Seven: The best age for starting school?

Forget waiting until your kids are five to put them in school - education experts say the evidence backs waiting until they're as old as seven.

The Government announced on Wednesday it plans to drop cohort entry for four-year-olds, Prime Minister Jacinda Ardern saying it's "in the best interest of kids".

"The overwhelming feedback during the select committee process was that children shouldn't start school before they had turned five," added Education Minister Chris Hipkins.

Professor Welby Ings of AUT University says most kids aren't ready for school when they're four.

"There's some very good research saying even seven - places like Finland, that has an extremely good education system, kids are starting at seven," he told The AM Show on Thursday.

"Definitely there's research to say starting children before the age of five leads to problems."

A European study published in 2015 found delaying the start of formal school education from six to seven "virtually eliminated" inattentive and hyperactive behaviour a few years down the line.

"The research is showing when they start later, they do much better."

The problem, he says, is that many four- and five-year-old children haven't developed the "foundation skills" required to effectively learn in a school environment.
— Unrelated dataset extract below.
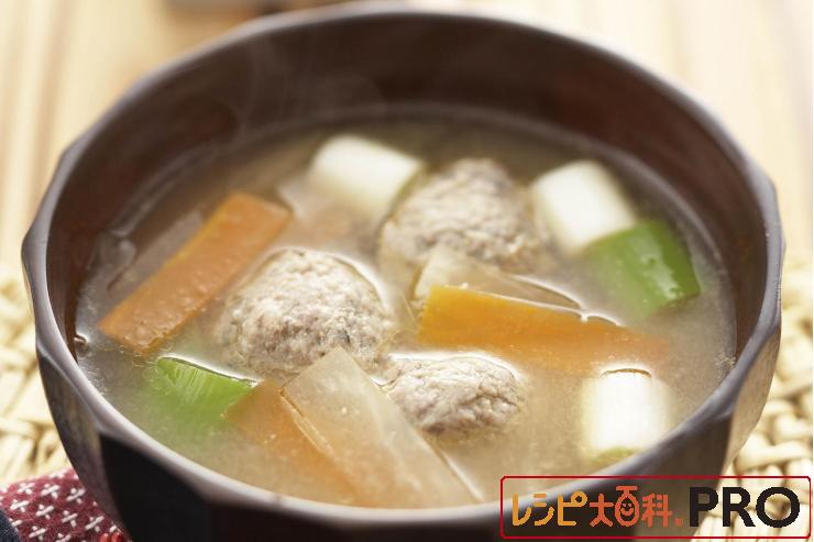 鍋にCを入れて煮立て、(1)をスプーンで直径2cmくらいのだんごにして入れる。弱火にしアクを取る。
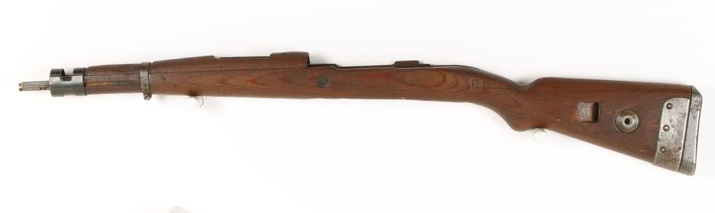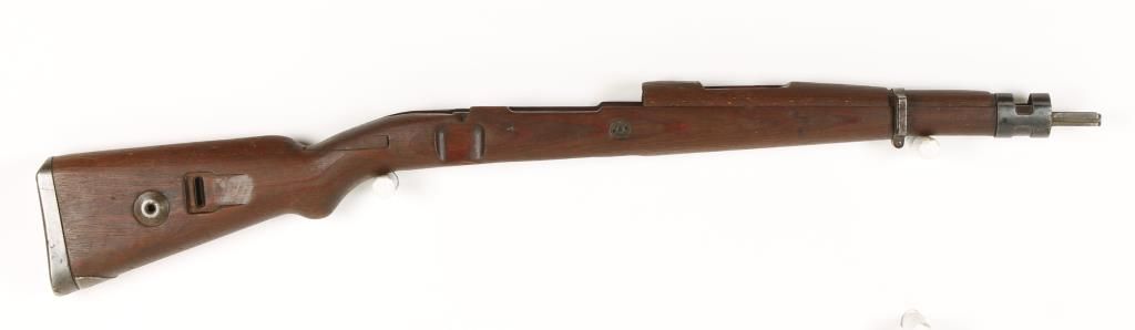 Stock. With all metal hardware and upper handguard. Upper handguard shows split near rear.

"Learning to estimate... our most fundamental mathematical skill; being able to communicate ideas, express ideas; being able to navigate relationships with people.

"If you don't have those, you're trying to build an education on a bad foundation.

"School essentially starts moving what's concrete, what's physical into what's abstract. Some kids can be very, very bright, but it doesn't mean they've got a good foundation."

So why did the previous Government want to make it so schools could start taking in children at four years of age? Prof Ings says it was "about appeasing a small group of people, I think it was about... playing with cosmetic change".

New Zealand Kindergarten chief executive Clare Wells said there was "no background work" done by the previous Government before announcing it would allow four-year-olds to start school.

"Without that evidence, I don't think that we can be confident... that is going to be good for every child."

NZEI president Lynda Stuart said kids are already starting school early enough.

Former Education Minister Nikki Kaye called the move "nanny state".